Domnall Mór ("Donall the Great") was the third son of Toirdhealbhach mac Diarmada Ua Briain, King of Munster, who reigned from 1142 to 1167. He ascended to the throne in 1168 after the death of his eldest brother, Muirchertach, who had succeeded their father as king. Muirchertach was killed at the instigation of his cousin Conchobar mac Muirchertach Ua Briain. His other brother Brian of Slieve Bloom was blinded in 1169. The same year, Domnall entered into conflict with the High King of Ireland, Ruaidrí Ua Conchobair and was forced to pay him a tribute of 300 cows.

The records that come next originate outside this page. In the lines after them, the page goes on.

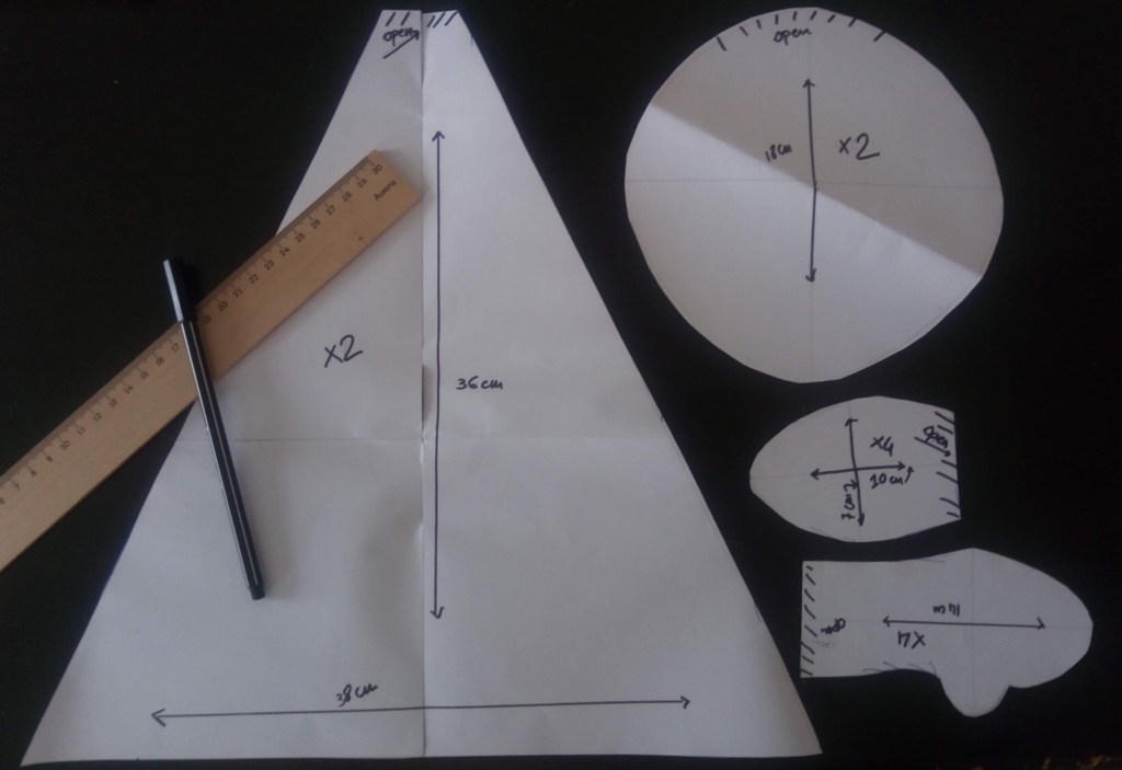 >Sew around the two triangles leaving the ‘open’ space + open holes for adding the feet and the hands. I just positioned them on the fabric and decided where I wanted them to sit.
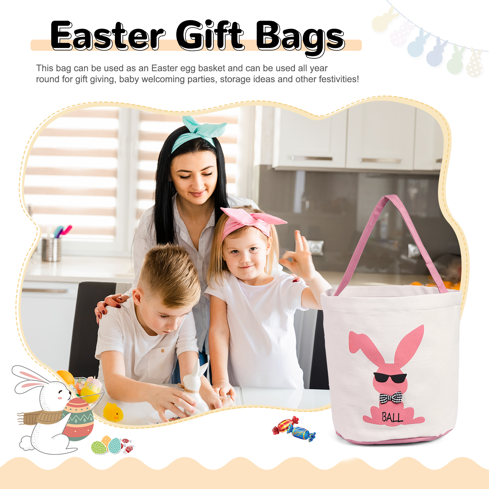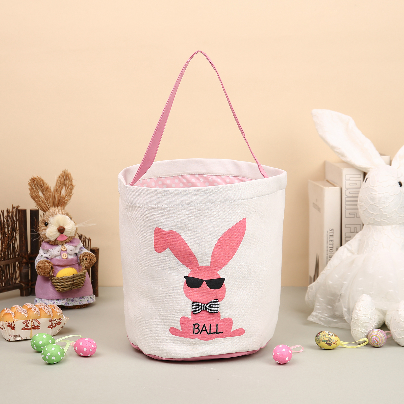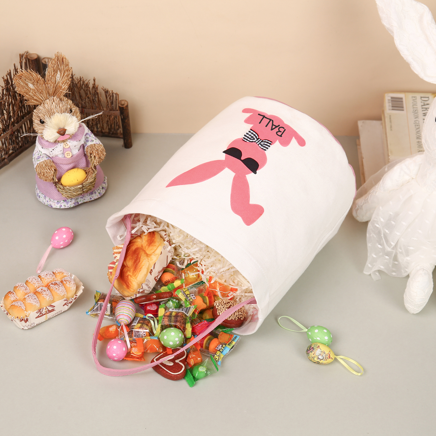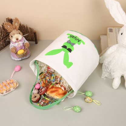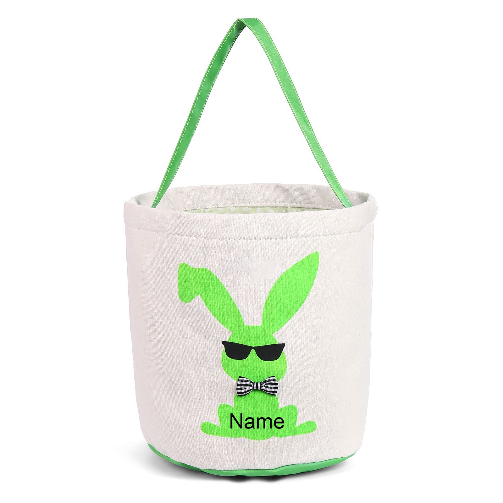 Easter Bunny Tote Bag Personalized Name Bucket Bag White Basket Gifts For Kids
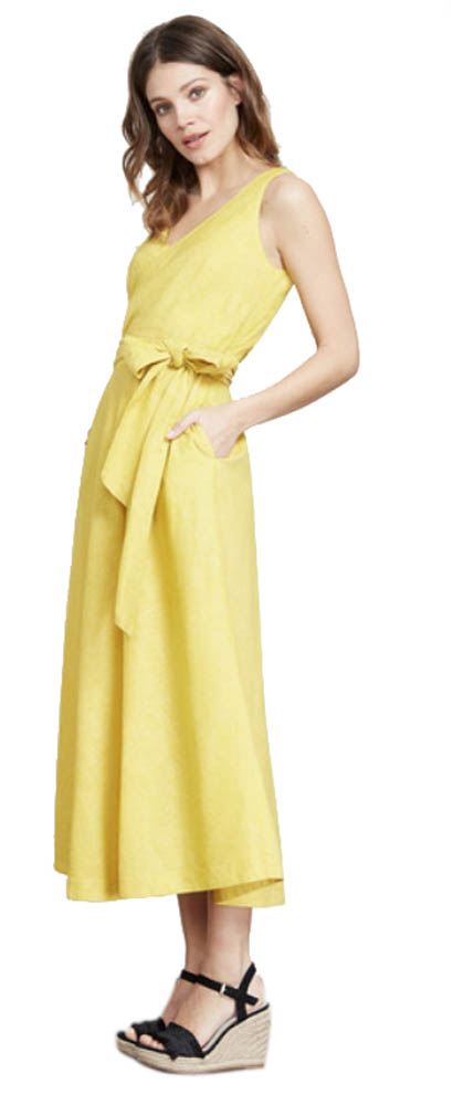Grab attention while staying loose with this sleeveless cotton-linen midi in mimosa yellow. The flattering waist tie sits just above two generous front pockets. Also available in snapdragon red. Buy it at Endource.
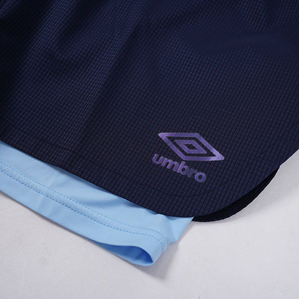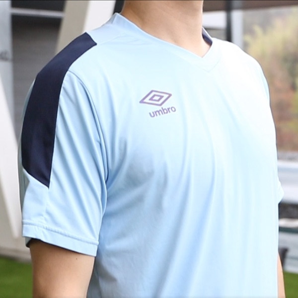 暑さや紫外線もガードするUV機能・吸水速乾あり。アンブロロゴは角度によりカラーが変わって見える綺麗なマジョーラプリント。
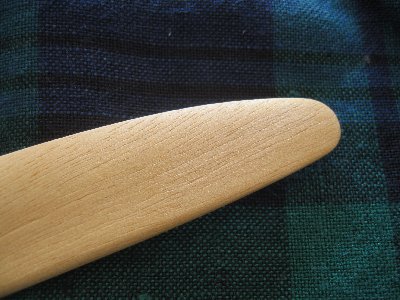はじめは野暮ったい厚みでしたが、薄くしたことによって使いやすくなったと思います。今度作ってもらうバターナイフは持ち手の部分がカーヴしていて北欧っぽく作ってもらえるようにリクエストすることにします。塗ってあるオイルは口に入れても安全(ゴクゴク飲み込むことは論外)ドイツ製オスモです。

In 1171, he submitted to King Henry II of England at Cashel, but he continued to fight successfully against the Norman incursion into southwest Ireland for many years. In 1175, having demolished the Cambro-Normans at the Battle of Thurles, he consolidated his power by blinding two of his cousins, Dermot mac Taig Ua Briain and Mathgamain mac Toirdhelbeach Ua Briain, in Limerick. He was, however, driven from Thomond by Ua Conchobair, the High King, the same year. In 1176, he drove the Normans from Limerick and in 1178 finally drove out the Uí Fidgenti (AI), the ancient rulers of the modern County Limerick region.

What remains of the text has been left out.